Migrating from Unidecode¶
translit provides a drop-in replacement for both Unidecode and text-unidecode.
Quick migration¶
Option 1: Drop-in alias¶
# Before
from unidecode import unidecode
# After — one-line change
from translit import unidecode
The translit.unidecode() function is a direct alias for transliterate() with default settings. It accepts a single string argument and returns ASCII text.

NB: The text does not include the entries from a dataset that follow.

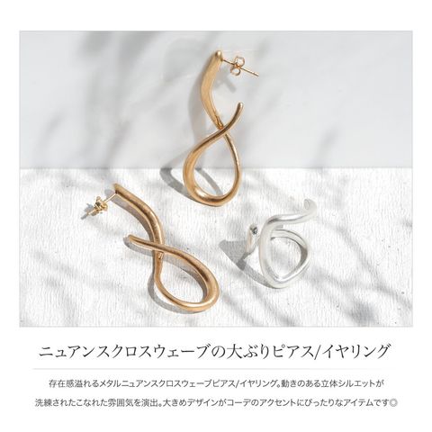 存在感溢れるメタルニュアンスクロスウェーブピアス/イヤリング。動きのある立体シルエットが洗練されたこなれた雰囲気を演出。大きめデザインがコーデのアクセントにぴったりなアイテムです◎
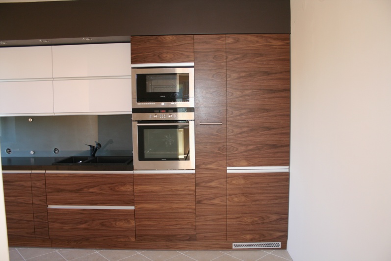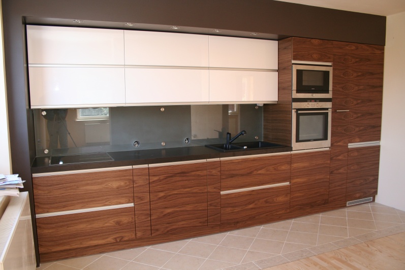 Fronty - lakier biały (połysk) + ramka aluminium, szkło lakomat czarny w ramce aluminiowej. Blat kuchenny rausolit czarny. Barek oklejony laminatem.
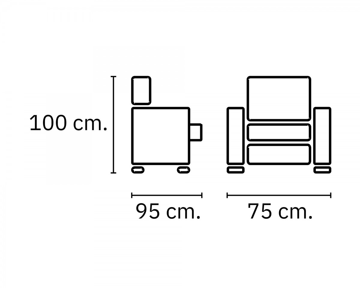 - Butaca: alto 100 cm, ancho 75 cm, fondo 95 cm.

Option 2: Use transliterate directly¶
# Before
from unidecode import unidecode
result = unidecode("café")
# After
from translit import transliterate
result = transliterate("café")
transliterate() provides additional features not available in Unidecode:
# Language-specific transliteration
transliterate("München", lang="de") # => "Muenchen"
# Error handling modes
transliterate("♠", errors="ignore") # => ""

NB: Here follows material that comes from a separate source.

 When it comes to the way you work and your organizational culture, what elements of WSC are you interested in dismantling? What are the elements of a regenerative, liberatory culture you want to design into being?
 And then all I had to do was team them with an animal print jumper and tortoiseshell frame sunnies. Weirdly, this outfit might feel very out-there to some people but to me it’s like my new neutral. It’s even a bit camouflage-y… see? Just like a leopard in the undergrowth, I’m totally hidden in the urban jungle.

transliterate("♠", errors="preserve") # => "♠"
transliterate("♠", errors="replace",
replace_with="?") # => "?"
API comparison¶
| Unidecode | translit | Notes |
|---|---|---|
unidecode(s) |
unidecode(s) |
Direct alias |
unidecode(s) |
transliterate(s) |
Full-featured alternative |
unidecode_expect_ascii(s) |
transliterate(s, errors="replace") |
Default behavior |
unidecode_expect_nonascii(s) |
transliterate(s, errors="preserve") |
Keep unmapped chars |
Behavioral differences¶
Transliteration tables¶
translit uses its own hand-curated transliteration tables. Most common mappings are identical to Unidecode, but some edge cases may differ. A detailed character-level comparison across all 83 supported languages shows:
- 49,089 codepoints across all Unicode blocks tested comprehensively (no sampling)

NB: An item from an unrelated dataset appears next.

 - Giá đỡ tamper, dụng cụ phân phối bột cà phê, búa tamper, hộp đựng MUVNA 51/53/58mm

- 48,415 mapped by translit vs 47,408 by Unidecode — translit has broader coverage overall, with 1,136 characters only translit maps vs 129 only Unidecode maps
- Most differences are systematic: CJK pinyin casing (~20K), Korean romanization (~3.7K), inherent vowel handling in Brahmic scripts, and language-specific national standards
# Identical in both
unidecode("café") # => "cafe"
unidecode("北京") # => "bei jing"
# May differ for obscure characters
# translit aims for more linguistically accurate results
License¶
| Unidecode | text-unidecode | translit | |
|---|---|---|---|
| License | GPL-2.0 | Artistic-1.0 | MIT |
If your project requires MIT licensing, translit is a safe replacement.
text-unidecode migration¶
text-unidecode has the same API as Unidecode. The migration is identical:
# Before
from text_unidecode import unidecode
# After
from translit import unidecode